Day 215: Lake Mutirikwi to Espungabera

|, Trip Report, Zimbabwe|Day 215: Lake Mutirikwi to Espungabera

14 September 2017

Day 215: Lake Mutirikwi to Espungabera

Distance: 278km (Cumulative: 24 054km)
Moving time: 4:39
Average speed: 60km/h
Road surface: 93% Tar

Accommodation: Camping
Chirinda Forest Campsite - R65 p.p

Beautiful campsite in rainforest, pit toilets.

We got woken up at 06:30 by the security guard who brought us the key to house number 7, which had a hot shower. Hugo got out while Caro snoozed a while longer. We packed up slowly and Hugo quickly did some work. After packing up completely we went for the hot shower which was quite nice after few days of cold water or no shower at all.


We eventually got on the road by 10:00. We took the small tar road around the lake and over the dam wall. The mountains are all solid pieces of granite rock, so the road had to be build up to be level as they couldn’t just cut into the mountain as on other passes.

After 25km the narrow tar road turned into gravel for 15km before we reached the A9.

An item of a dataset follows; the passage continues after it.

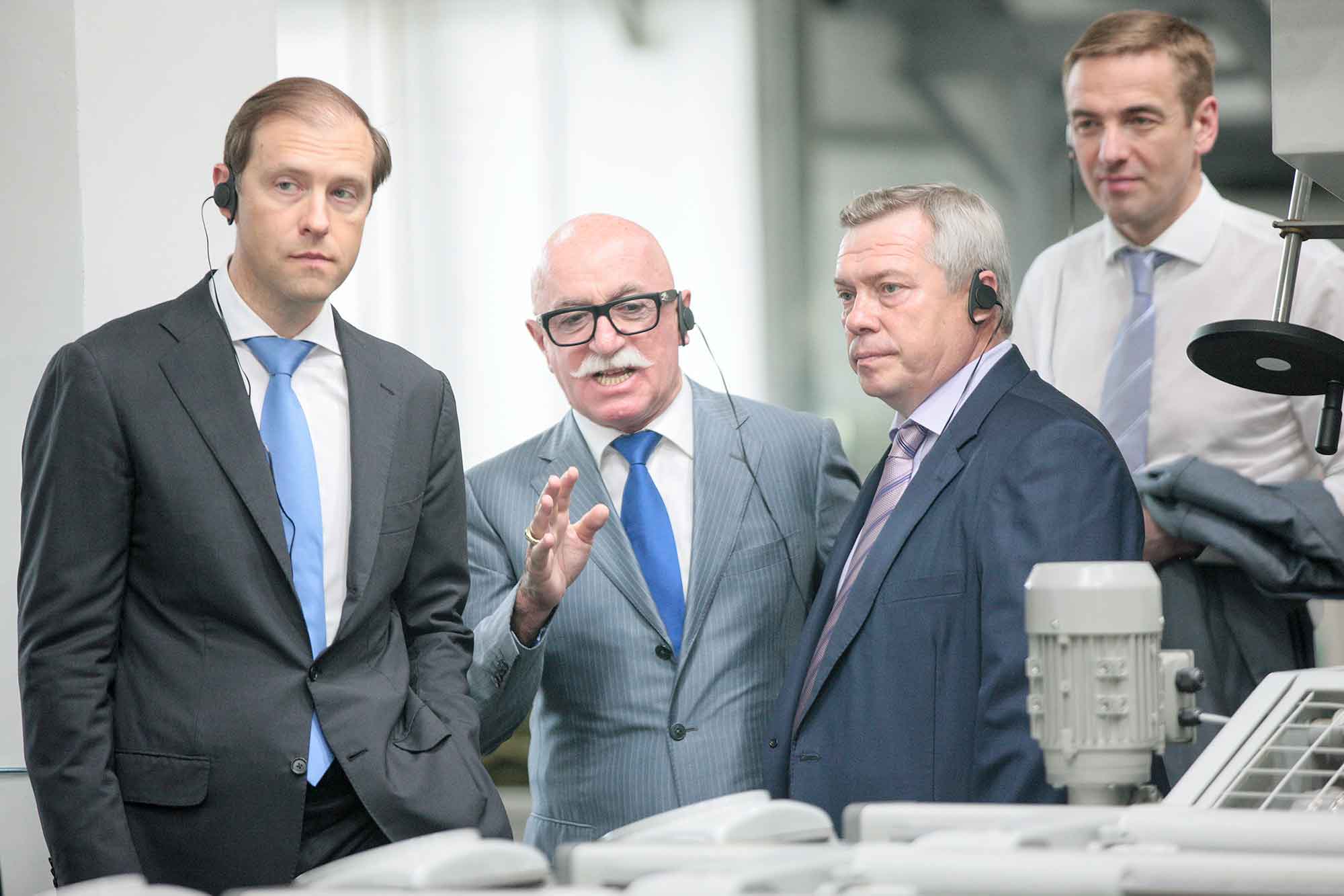 Глава Минпромторга вместе с врио губернатора области Василием Голубевым дал старт новому текстильному производству в Шахтах и принял участие в постановке на конвейер нового комбайна на «Ростсельмаше».

On the A9 we backtracked our route from three days ago to the Birchenough Bridge and then headed South again to Chipinge. The town had a very modern OK store where we bought some groceries and Zimbabwe beer for our label collection.

From Chipinge we went 30km to the Mt Selinda. To get to the Chirinda Forest Campsite we had to drive 2.5km on a very scenic two-spoor track through the Southern most rainforest or as wikipedia puts it “Zanzibar-Inhambane transitional rain forest, of which it represents the southernmost occurrence.”

We received a friendly welcome at the campsite which usually costs $10 per person plus an entrance fee of $5 per person. We however only paid $5 per person. The campsite only has dirty pit toilets, but there is showers with wood fired hot water. The area on the other hand is super beautiful and lush and full of bird life.

For dinner Caro revived the leftover cooked potatoes with chorizo, onion and cheese.


2019-07-29T10:51:24+02:00 February 11th, 2017|Categories: Africa, South Africa, Trip Report|


  1. Seth 2 January 2020 at 3:11 am - Reply

    I am looking to do this exact route in April but am having a hard time finding information on how passable the road is. I’ve seen some people say they heard it was single track dirt that is quite technical, but here on your blog you state the route was mostly tar.

    So, what is the section of road like from when you leave the A9 at Birchenough Bridge to Espungabera border? I think it is often called the area through Mount Selinda. And what might it be like if it had recently rained?

    Thanks, and awesome blog!

    • Two Monkeys 2 January 2020 at 7:14 am - Reply

      Hi, thanks for the compliments.

      Roads in Africa are always changing and 2 years is a long time. Even brand new tar roads can deteriorate to gravel in 2 years. That being said the road was as far as we can remember not a single track (apart from the small detour we did to the campsite) so it should be passable all year round. As always ask locals once you are there.